Multifamily Investment Remains Hot In Spite of Financing Challenges, Looming Supply

Posted on August 3, 2012

Apartment landlords and investors continue to benefit from strong demand as the multifamily shifts from recovery into growth and development mode, according to a pair of new surveys of CRE executives and investors.

For the sixth quarter in a row, the National Multi Housing Council (NMHC) Quarterly Survey of Apartment Market Conditions showed improvement across all four indexes measuring supply and demand and financing for multifamily properties.

“The apartment sector’s strength continues unabated,” said NMHC Chief Economist Mark Obrinsky. “Even as new construction ramps up, higher demand for apartment residences still outstrips new supply with no letup in sight.”

Despite the demand for new apartments, acquisition and construction finance remains constrained in all but the best properties in the top markets, however, according to the NMHC second-quarter survey. The survey of 82 CEOs and other senior executives of apartment-related firms nationwide, conducted between July 16 and July, is considered a very timely snapshot of multifamily industry sentiment.

The survey’s indexes measuring market tightness (76), sales volume (54), equity financing (58) and debt financing (77) all measured at 50 or higher, indicating growth from the previous quarter.

Editor’s Note: For an in-depth look at multifamily at mid-year 2012, CoStar subscribers may sign up for the CoStar State of U.S. Multifamily Market Mid-Year 2012 Review and Outlook under the Knowledge Center tab. The webcast presentation is Tuesday, Aug. 7, at 12 noon EDT.
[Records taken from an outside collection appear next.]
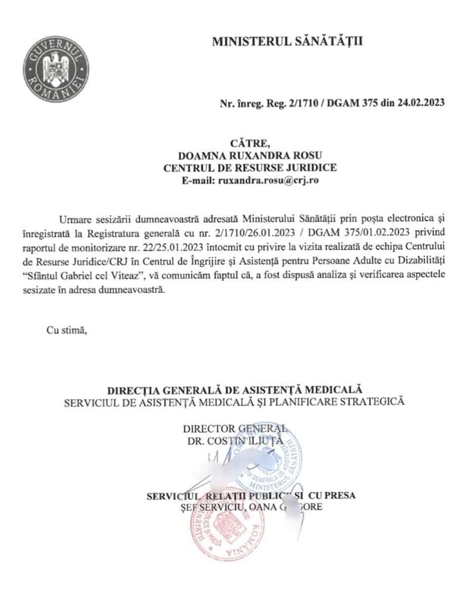 0Centrul pentru Resurse Juridice a publicat un document care arată că în luna ianuarie anul acesta Ministerul Sănătății a răspuns unei sesizări referitoare la situația din Centrul de îngrijire și asistență pentru persoanele adulte cu dizabilități ”Sfântul Gabriel cel Viteaz”, unul dintre azilele groazei din Voluntari, Ilfov.
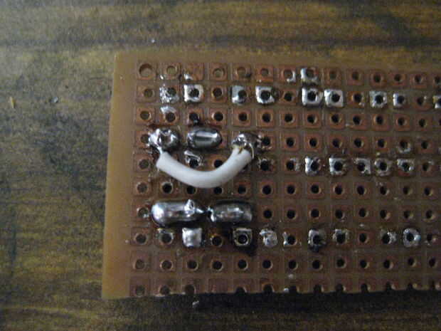 paso uno:Diagrama de la célula Solar y la soldadura de las piezas requeridas en la célula solar. (Foto 2)Soldar dos cables a la célula solar en las conexiones para el motor. Uno para positivo, uno para el negativo. Estas se utilizarán para la luz LED
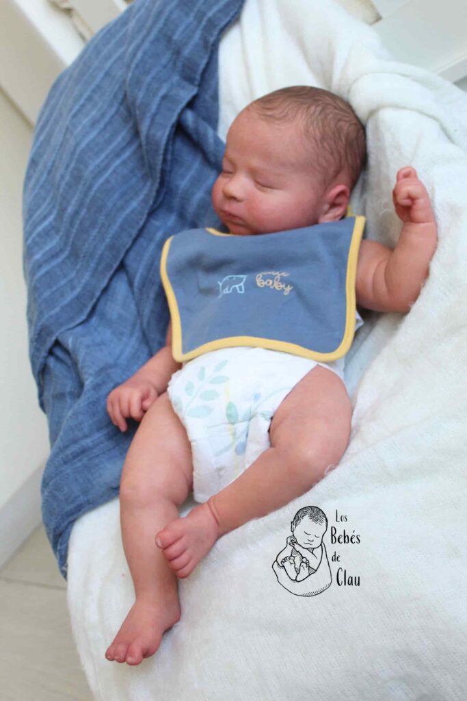 Bebé reborn de aproximadamente 1 o 3 meses. Originalmente lo había creado como un cuddle baby, pero su mamá (antes de comprarlo) me pidió agregar extremidades, yo tenía extremidades sobrantes de otro kit y creo que la combinación de esos brazos y piernas con esa carita, fue todo un éxito! Este bebé ya fue adoptado y entregado a su mamá
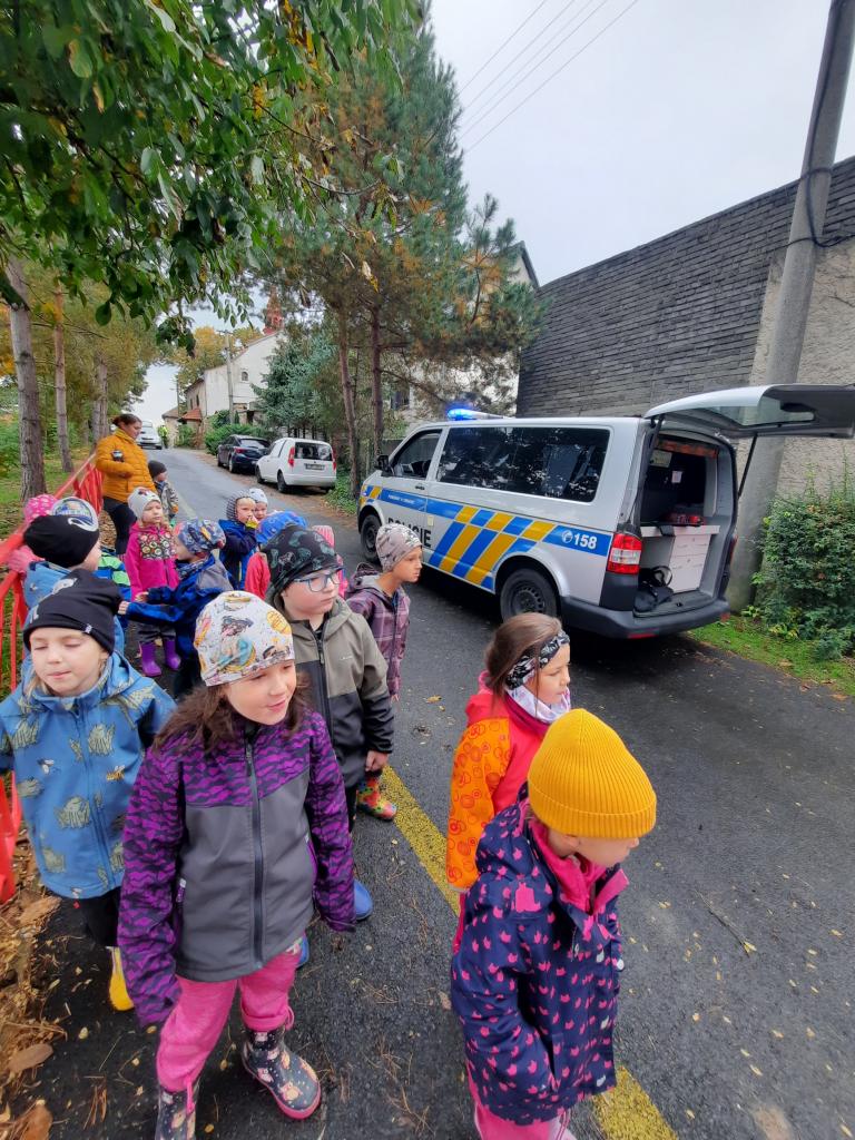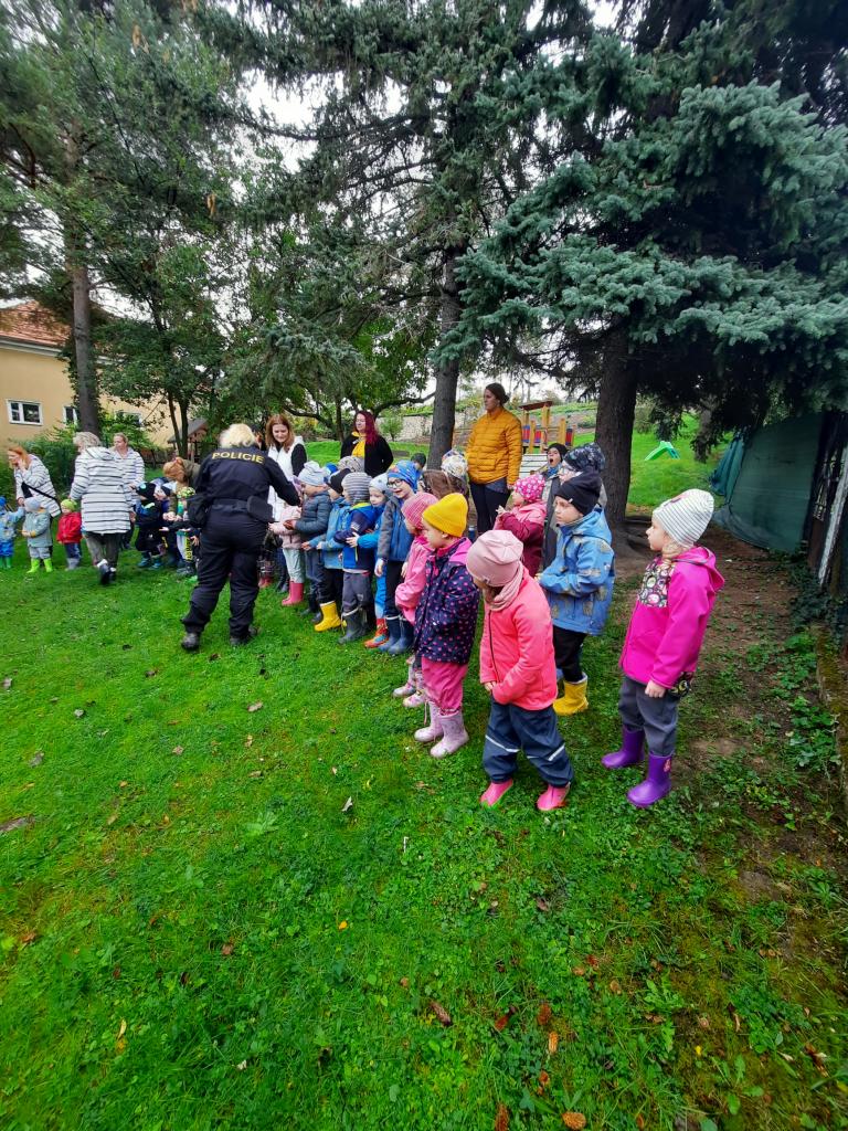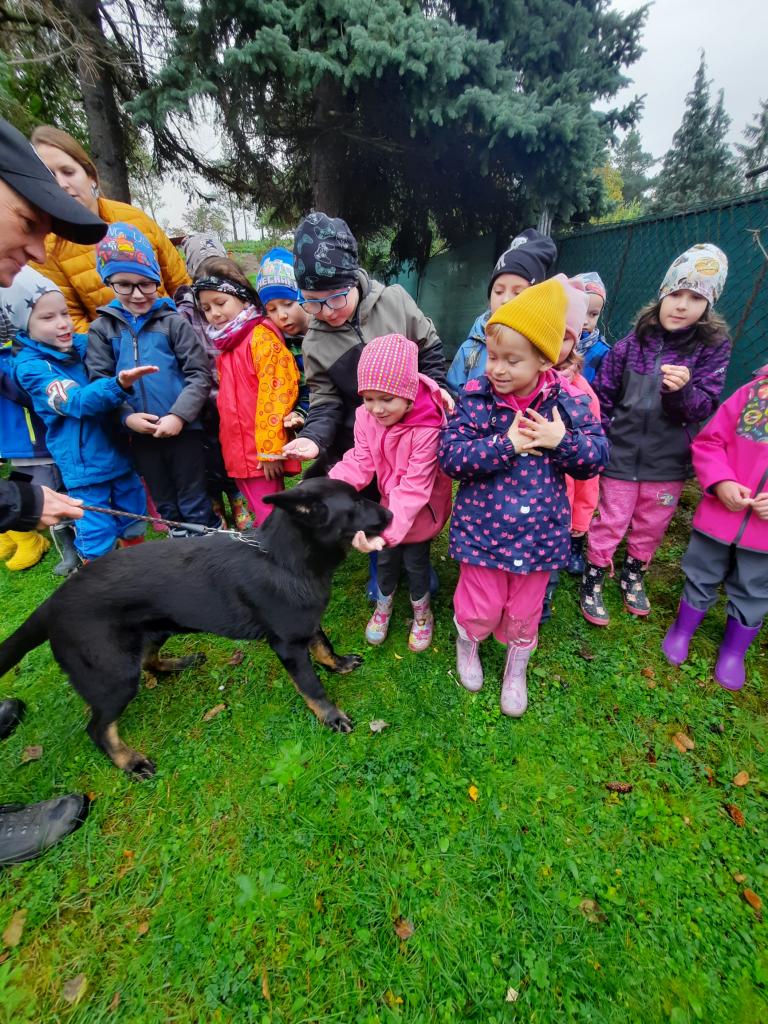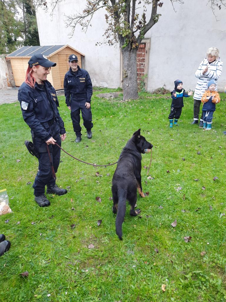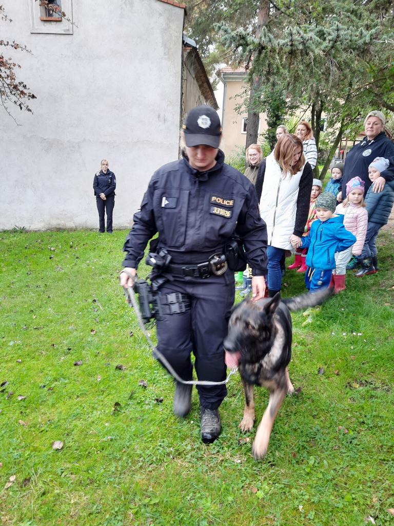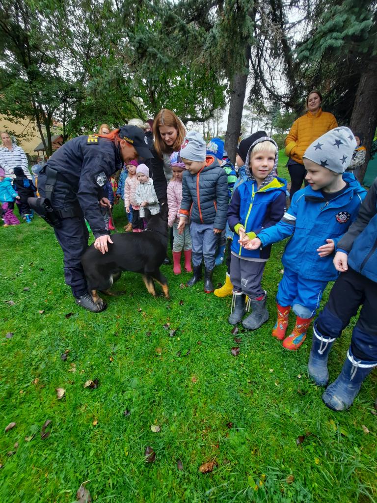 Do školky přijela Policie ČR a ukázala dětem vybavení policejních automobilů, práci psovodů se psy, promluvila o bezpečnosti v dopravě a o vlastním bezpečí dětí. Dětem se beseda moc líbila a my se těšíme na další spolupráci :-)
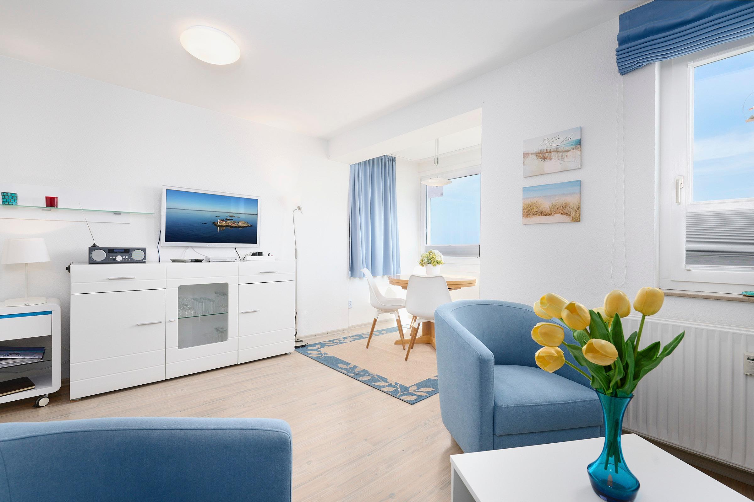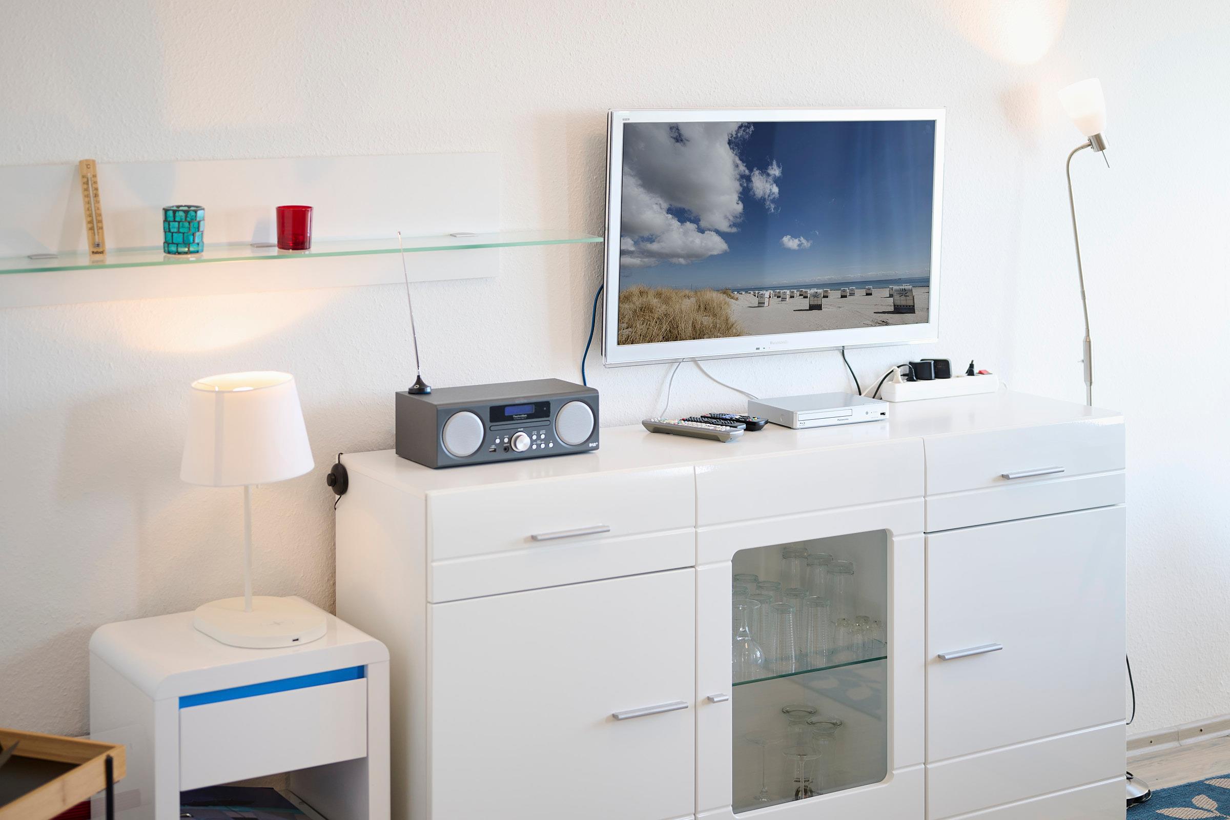 Es empängt Sie ein Wohnbereich mit Schlafcouch un offener Küche. Ein moderner Flachbildfernseher, ein DVD-Player und ein WLAN-Anschluß sorgen für Unterhaltung. Im separaten Schlafzimmer finden Sie einen erholsamen Schlaf im bequemen Doppelbett (2x 90x200 cm) und starten im Duschbad erholt in den neuen Tag.
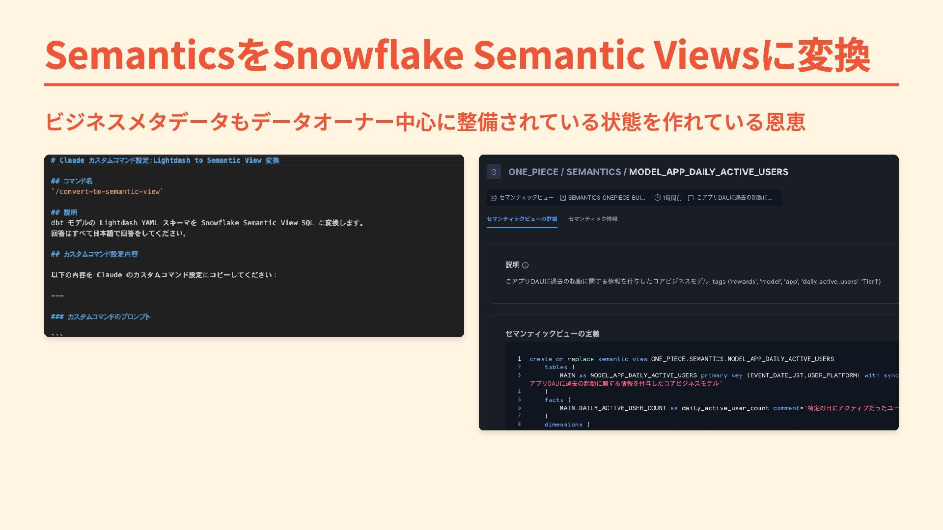 SemanticsをSnowflake Semantic Viewsに変換 ビジネスメタデータもデータオーナー中心に整備されている状態を作れている恩恵
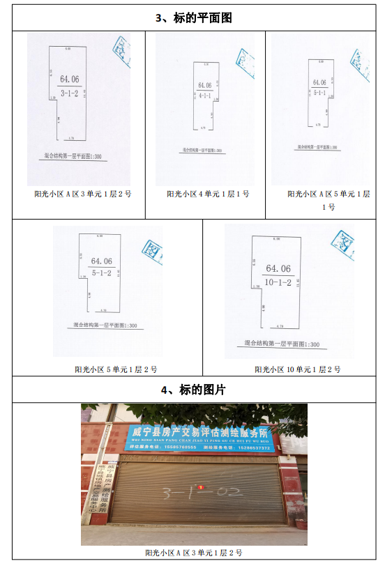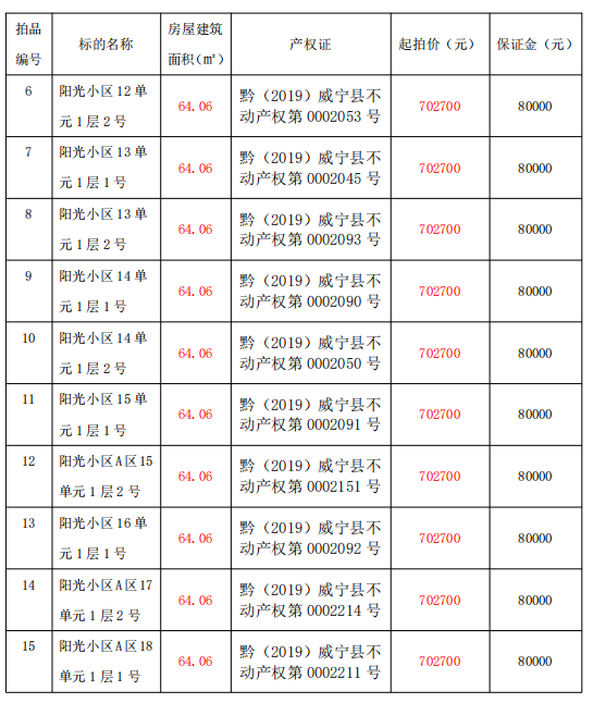 拍品編號6-15號標(biāo)的位于威寧縣海邊街道廣園路陽光小區(qū),房屋結(jié)構(gòu)均為:混合結(jié)構(gòu),權(quán)利性質(zhì):國有土地/出讓/其他,用途:商服用地/商業(yè)服務(wù),使用期限:2012年12月20號至2052年12月19日。

Despite the capital markets barriers, just over half the CRE executives queried in the 2012 KPMG Commercial Real Estate Outlook Survey said they expect a significant amount of multifamily development to begin in 2013 — by far the top sector, and up from 34 % in KPMG’s 2011 survey. Industrial development was a distant second among property sectors at 14%.

Executives in the KPMG survey said the wider commercial property industry continues to face growth challenges, with nearly one-quarter, 24%, citing access to and managing capital as a barrier. Others cited pricing pressure (35%), lack of demand (25%) and regulatory and legislative pressures (21%) as barriers to growth.

“Commercial real estate execs are finding it challenging to source sufficient product that will produce the necessary yields to meet investor expectations. The gap between ask and bid price can still be significant in certain markets,” said Greg Williams, national leader of KPMG LLP’s Building, Construction and Real Estate practice. “It’s also taking a lot longer to raise capital needed to grow their portfolios, while increased regulatory reporting requirements are driving up costs.”

The NMHC survey found that financing is available, but only for the best markets. Nearly two-thirds reported that acquisition capital is readily available and 52 % said construction capital was only available in top-tier markets. Only 16% of reported that acquisition capital and just 10% said construction financing was readily available across all markets at all times.

All that being said, lending volume for multifamily properties rose 19% in the second quarter compared to the same period a year ago and 21% from the first quarter, according to the newly released Mortgage Bankers Association’s (MBA) Quarterly Survey of Commercial/Multifamily Mortgage Bankers Originations. The year-over-year increase in apartment mortgages ranked behind hotels and retail, but ahead of office and health-care property originations.

For the first time in a year, more than half, 55%, of respondents said that apartment markets were tighter, while only 2% reported the markets as loosening. The other 43% reported no change over the past three months.

The council’s sales volume index dipped slightly to 54 from 57, with nearly one quarter of respondents reporting increased sales, compared to 16% who indicated lower volume and 55% who reported conditions as unchanged.

The availability of equity financing for apartments continued three years of growth, though it shrank to 58 from 62 from the previous quarter.

Meanwhile, the debt financing index jumped to 77 from 65, with only 2% reporting borrowing conditions as being worse from the previous quarter. For six consecutive quarters, the share of survey respondent who believe the availability and terms of debt financing had worsened was in the single digits.